Hello! This is my first project log and I am making the Scythes Of Faith 3rd company, some 1st company veterans and Scouts right now.










This is the 3rd company captain and two of his sergeants. I am really bad at painting skin as you can see. The Sergeants were straight form the Battle For Macragge and Assault on Black Reach boxed games. The captain had a simple head conversion. It is basically a Chaos Space Marine head with the horns cut of.










This is a normal Veteran that I painted some time ago. I am going to repaint him some day to make him look a bit more interesting.
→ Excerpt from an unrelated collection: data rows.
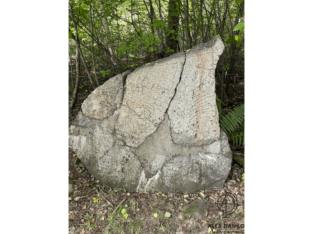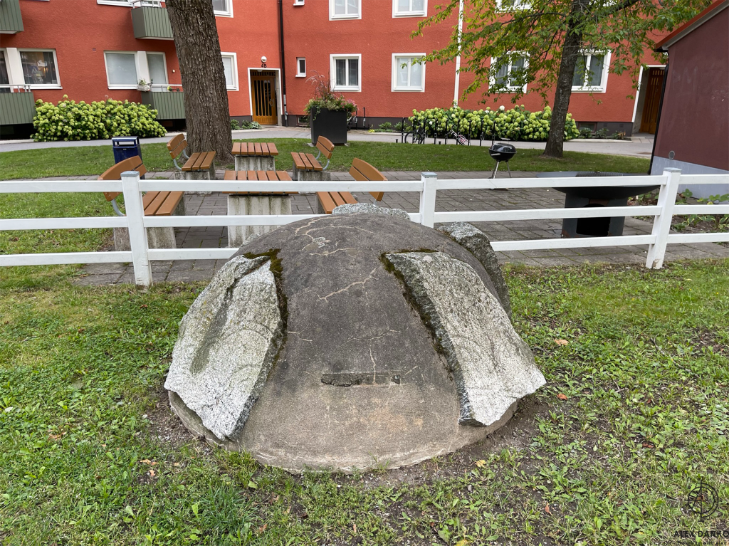 I korsningen Bills backe och Hagvägen, nära Runby centrum, ligger flera runstensfragment ur U115. Inskriften lyder: ”… Finnvid, Ragnfrids son, lät…”.
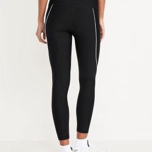 High-Waisted PowerSoft Rib Mix 7/8 Leggings: Featuring PowerSoft. Light compression meets a peachy-smooth, sweat-wicking fabric.ribbed side panels, contrasting piping, go-dry wicks moisture, #749127
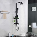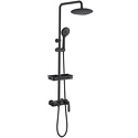 Устройство: душевая система • Смеситель: джойстик • Верхний душ (тропический): размер 230 мм, настройки 1 шт • Комплектация: ручной душ, верхний душ, смеситель, стойка, шланг, крепление ручного душа, полка
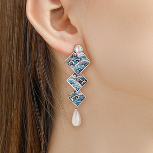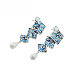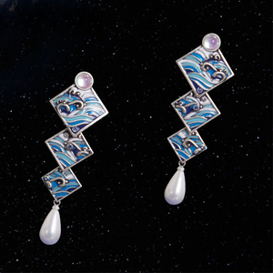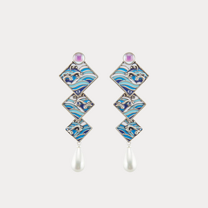 Gracefully cascading like waves under moonlight, the Moonlit Ocean Dangle Earrings are a statement of poetic motion. Featuring three ocean-inspired enamel tiles in varying shades of blue, these earrings flow downward to end in a delicate teardrop pearl. Topped with a glowing moon-like gem, this design evokes the rhythm of tides and the serenity of moonlit waters. Ideal for those who love the ocean's depth and dreamlike beauty.
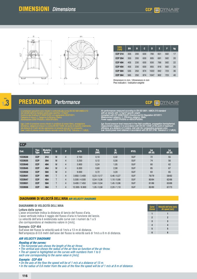 Le prestazioni aerauliche sono rilevate in conformità alla norma EN ISO 5801/AMCA 210
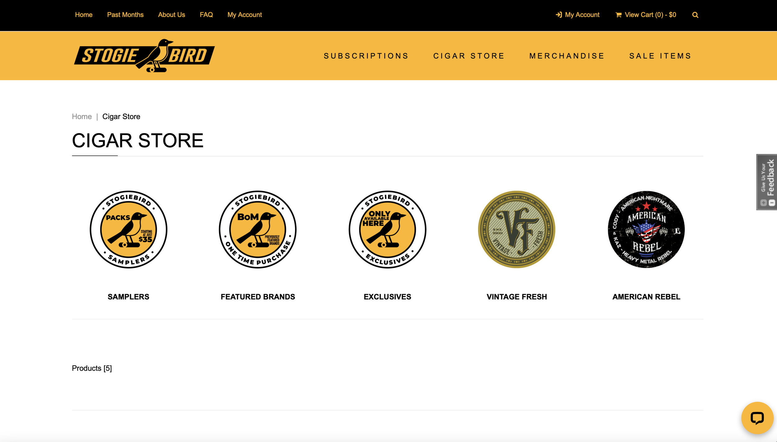 I designed the Stogiebird online store with a large eye-catching image and regularly updated the image highlighting the current monthly selections. Products in both subscription format as well as one-time purchase options are made easily available through this e-commerce site. Impulse add-on items are offered during the checkout funnel process to increase the total sale. A simple streamlined checkout process with estimated shipping cost, coupon option, and account management expedites ordering and reordering previous purchases with an integrated “address book” and “wallet” which maximized customer retention. Integrated social buttons make it easy for customers to share products, and a feedback area allows for product ratings and reviews which are accessible from search engines. An added securely encrypted online chat feature allows employees to help customers in real time with questions, issues, or offer them suggestions or discounts based on which pages they visit or what products they are viewing.
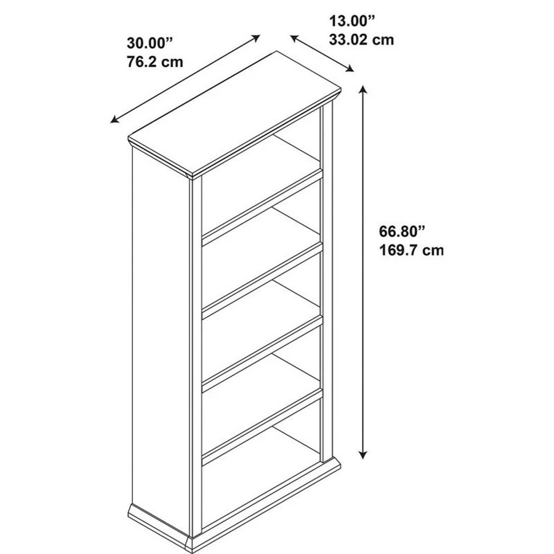 The Bush Furniture Yorktown 5 Shelf Bookcase in Antique Cherry is an attractive and functional addition to your home office. Display photos and memorabilia and store your books in one convenient place. The 5 Shelf Bookcase comes with two fixed shelves for stability and three adjustable shelves so you can put special items where you want them most. With beveled edges and a distressed Antique Cherry finish, it coordinates perfectly with other Yorktown Collection pieces to create a beautiful home office. The bookshelf also works as a standalone piece in any living space. See the full Yorktown Collection for all available coordinating items. Backed by the Bush Furniture 1 Year Manufacturer’s Warranty, the 5 Shelf Bookcase meets ANSI/SOHO quality test standards for performance and safety. Materials: Engineered wood and durable laminates
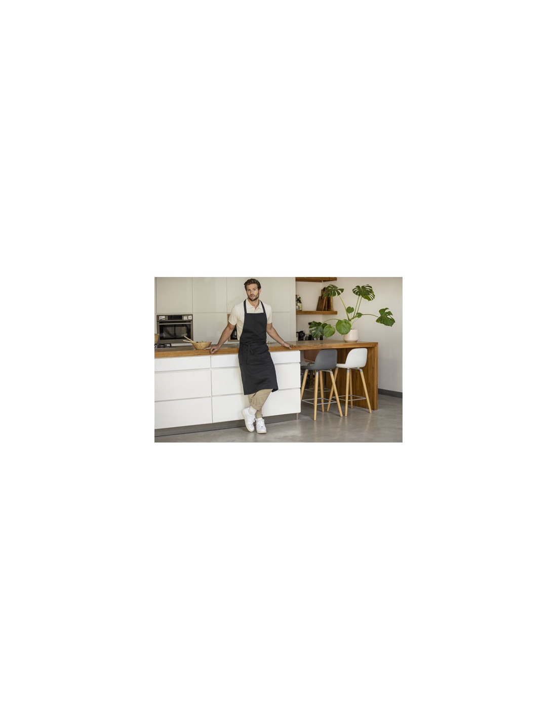 Grembiule in misto cotone riciclato e poliestere da 200 g/m². Dispone di 2 tasche adiacenti con una dimensione combinata di 45 x 20 cm e di un'allacciatura posteriore da 1 metro. Il cotone riciclato è prodotto da rifiuti pre-consumo generati dalle fabbriche tessili durante il processo di taglio....
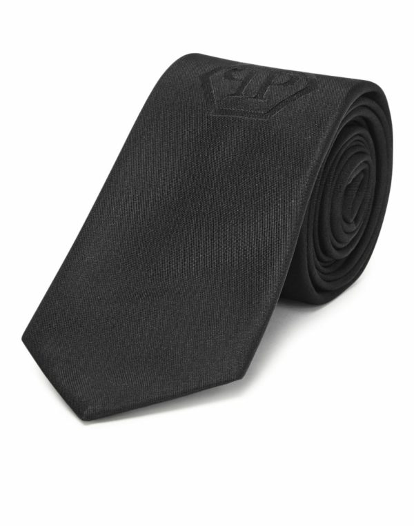 Men's Philipp Plein Black Silk Tie with Hexagon Jacquard quantity
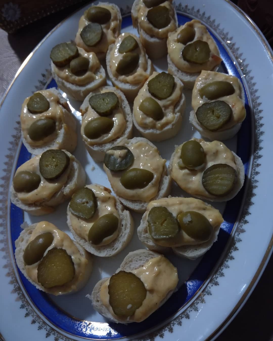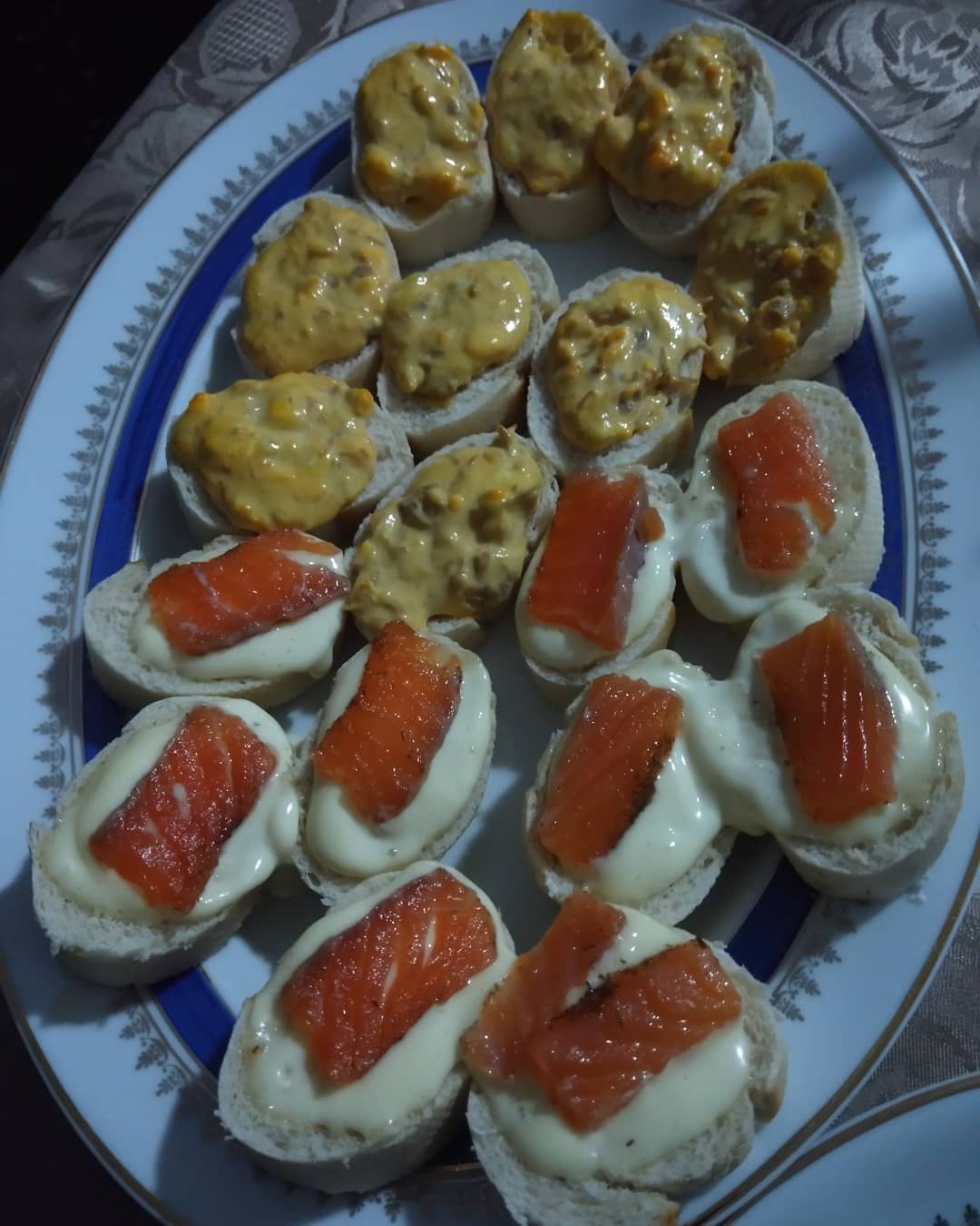 Canapés variados (patê de atum com ovo cozido, maionese e Gravlax de salmão, patê de Gravlax e azeitonas e cornichons)
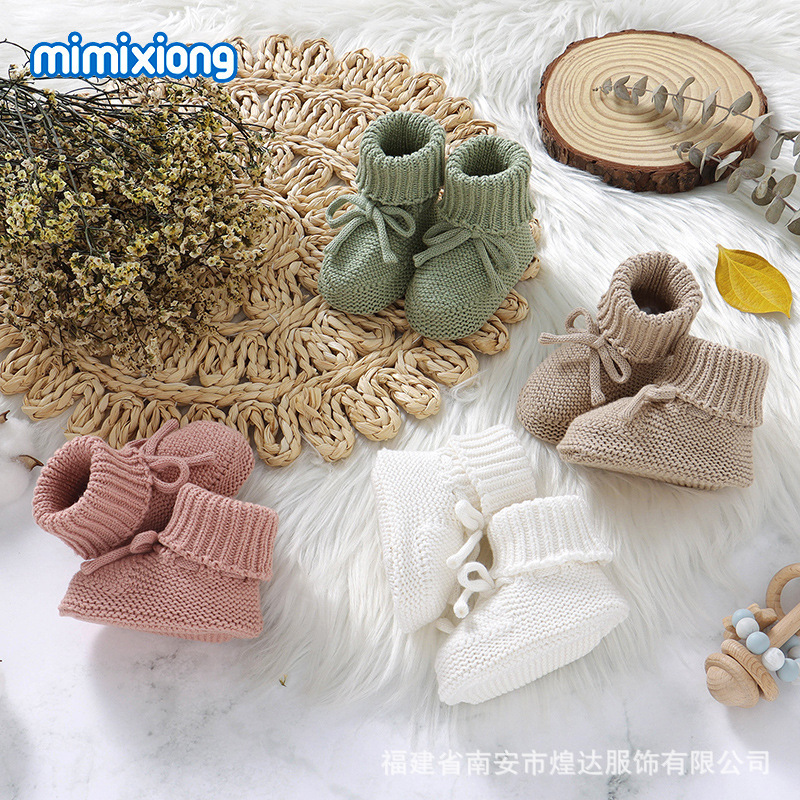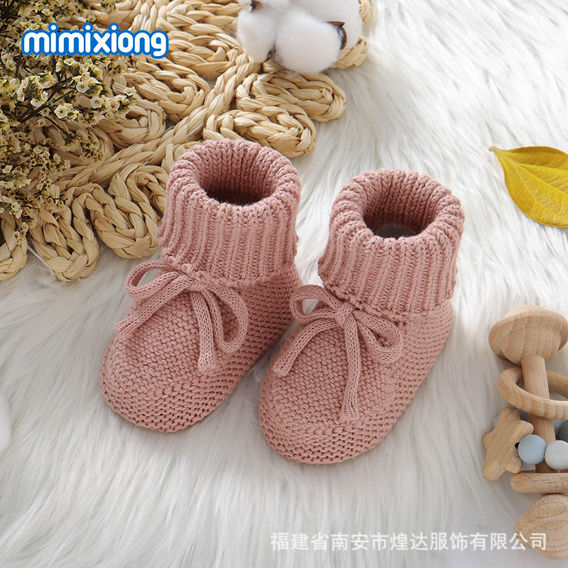 Ins 뜨거운 판매 가을, 겨울 새로운 유아 단색 귀여운 활 니트 유아 신발 양모 니트 바닥 양말
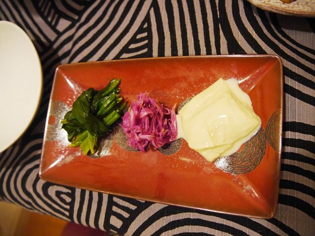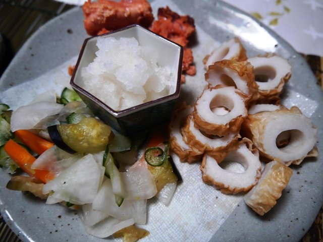 昨日作っておいた出汁醤油漬けとピクルスをまずお出ししました。
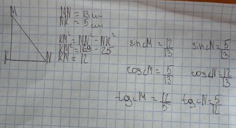 в треугольнике MNK угол K равно 90 градусов MN = 13 см , NK = 5 см Найдите синусы косинусы и тангенсы углов M и N
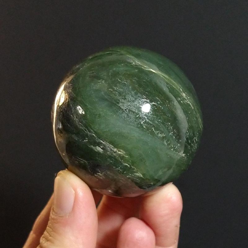 Nephrite Jade Sphere, 2 inches in diameter, 0.46 pound in weight. This is a one-of-a kind item - you will receive the actual item in photo - once sold, it is gone.
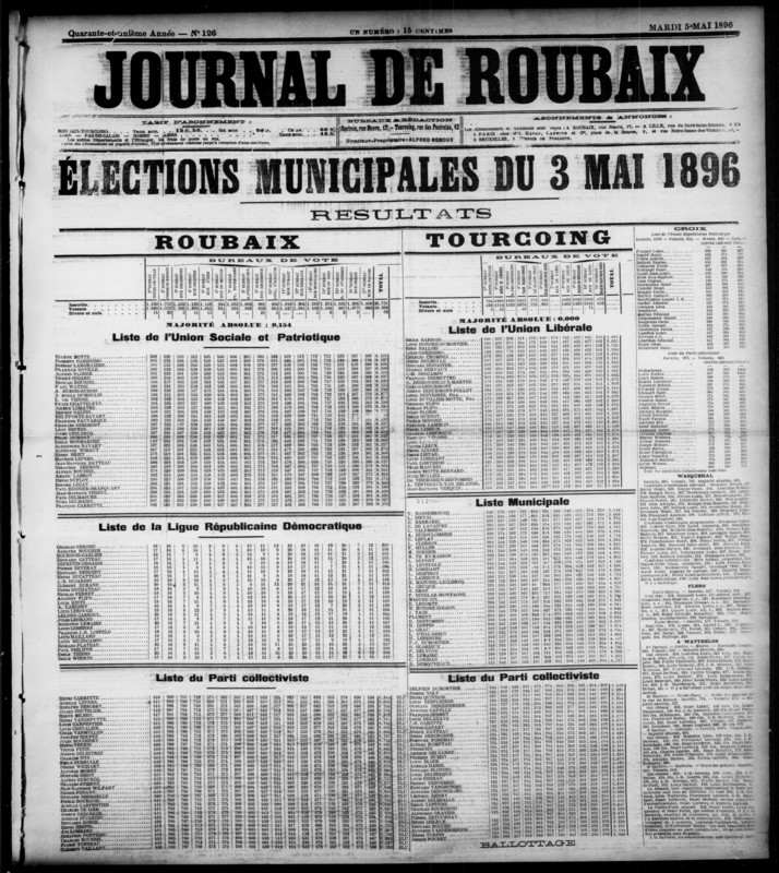 https://www.bn-r.fr/ark:/20179/ALTOBNR118139 Journal de Roubaix book 05 Mai 1896 Journal de Roubaix, 05 Mai 1896 4 p. français Alto
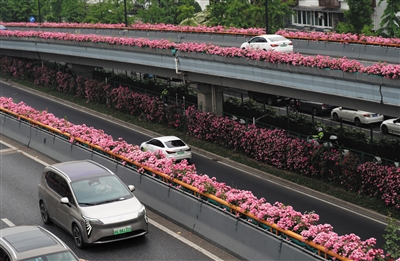 ▲杭州中河高架匝道旁盛放的月季花(4月28日摄)。
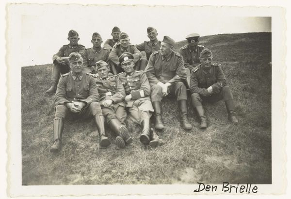 This photograph, taken by an anonymous photographer, captures Wehrmacht and Kriegsmarine soldiers with Dutch girls. The texture and tone of the photograph, with its grayscale palette, gives it an authentic, historical feel. The neutral colors allow us to focus on the expressions of the subjects and the composition of the image. Look at the detail of the crumbling wall in the background - the way the light catches the broken bricks, the deep shadows they cast. The rough texture is almost palpable. This contrasts with the smooth faces of the people, and the crisp lines of their uniforms. It's a reminder of the tension between the people and the place, the individual and the wider setting. Photographs are often seen as documents of truth, but this image highlights how they can also be carefully staged and composed. There is something inherently unsettling about this work, as it hints at the complicated ways in which relationships develop and are captured in moments of conflict. It reminds me of the work of Gerhard Richter, in the way it captures a moment in time that is both specific and open to interpretation.
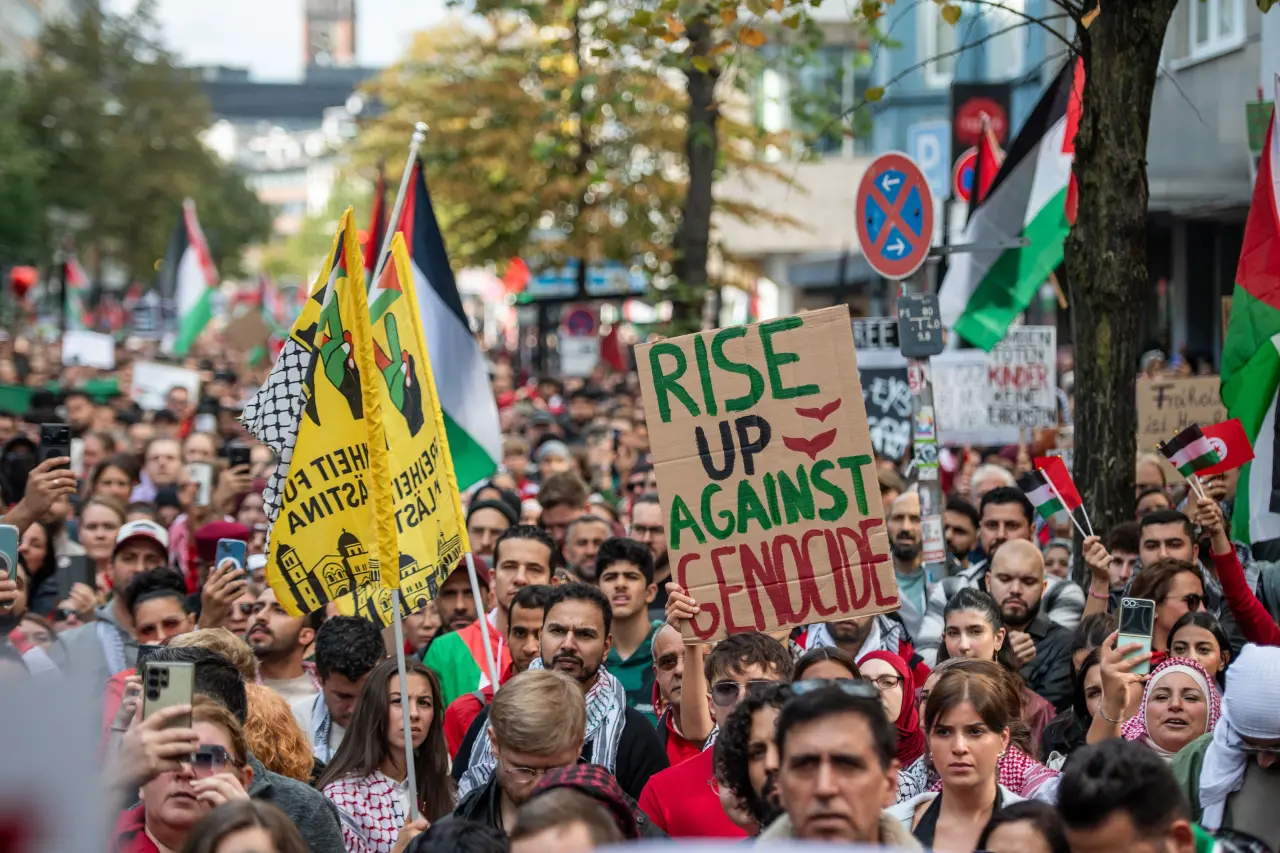 Almanya’nın Düsseldorf kentinde binlerce kişi, Gazze’de süren İsrail saldırılarını ve Alman hükümetinin Gazze politikasını protesto etmek amacıyla sokaklara çıktı. Kent merkezinde toplanan göstericiler, Filistin bayrakları ve pankartlarla barış çağrısı yaptı.
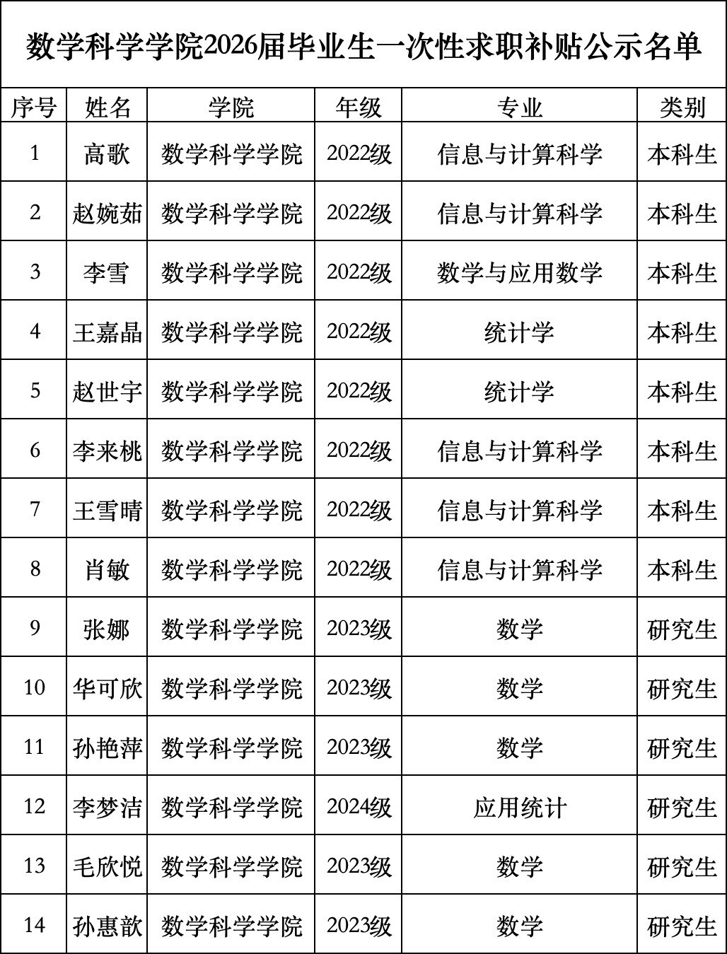 依据哈尔滨市人社局、南岗区人才交流和档案中心关于高校毕业生一次性求职补贴申报工作的通知要求,《关于转发<关于做好当前形势下高校毕业生就业创业工作的通知>的通知》(黑人社函〔2019〕984号)及《关于印发<黑龙江省就业补助资金管理和使用实施办法>的通知》(黑财规〔2024〕11号)文件要求,对在毕业学年积极求职创业的低保家庭、零就业家庭、脱贫家庭(含防止返贫监测对象家庭)和特困人员中的高校毕业生,残疾及获得国家助学贷款的高校毕业生,给予一次性1000元的求职创业补贴。经我院对2026届毕业生申报材料进行审核,有14人符合条件,现予以公示(附公示名单)。

I also got some other Veterans ready, but they were still wet, so I have not got pictures.










Two servitors. A you can see the skin is really bad. 



















My first Scout Sniper. Note the camouflage on the Sniper Rifle and the camo cloak.



















A Space Marine with a normal bag. I remember that I had a good reason to give him the bag, but I cant remember it. The conversion is simple: Everything is straight form the AoBR boxed game. It is a normal Space Marine with a Ork bag.

For more information about the chapters history, go here: http://www.heresy-online.net/forums/showthread.php?t=52922

I am currently painting a Librarian, more scouts, Veterans and a large army of Tactical and Devastator marines. Some feedback would be nice! And some advices of how to improve my painting would also be nice. I am currently looking trough "How To Paint Space Marines" for ways to make the black more detailed, and by now it looks like it would turn into a more Black Templar style black.


----------



## the-ad-man (Jan 22, 2010)

theres some really promising stuff here man. i knwo exactly what you mean with skin, im in the same boat. for my imperial guard army ive got them all wearing balaclavas so i dont have to paint as much skin 

i also really like the camo/grass you have going on with the scout. i may have to pinch that idea if i do any snipers/stealth guys.

one thing i would say after looking at the marine with the back pack is maybe to invest in some washes. they can be a really easy way of creating depth in a paint job, a brown wash can also be applied to skin to help create shadows and deepen the look of skin. tho dont go balistic with washes like i used to otherwise it just becomes more paint.

looking forward to seeing some more tho k:


----------



## Asamodai (Oct 19, 2008)

Some of the paint is looking a bit thick. You may find you have more luck, especially in the details if you water the paint down a little before applying it.


----------



## Varakir (Sep 2, 2009)

Good start and i like your fluff, seems you have some good ideas for these guys.

Personally i think the scheme is a bit plain but at least your all set for speed painting :biggrin:

Advice wise i'd say your paint is too thick, you need to thin it down a bit with some water. Use thinner coats and you'll get more detail coming through from the minis, and it'll also help your brush control. Check out the tutorial section of the forums, there is a ton of help to be found there and at least 2 tutorials for dealing with black power armour.

Get some washes as they will really help with your skin tones.

Keep it up!


----------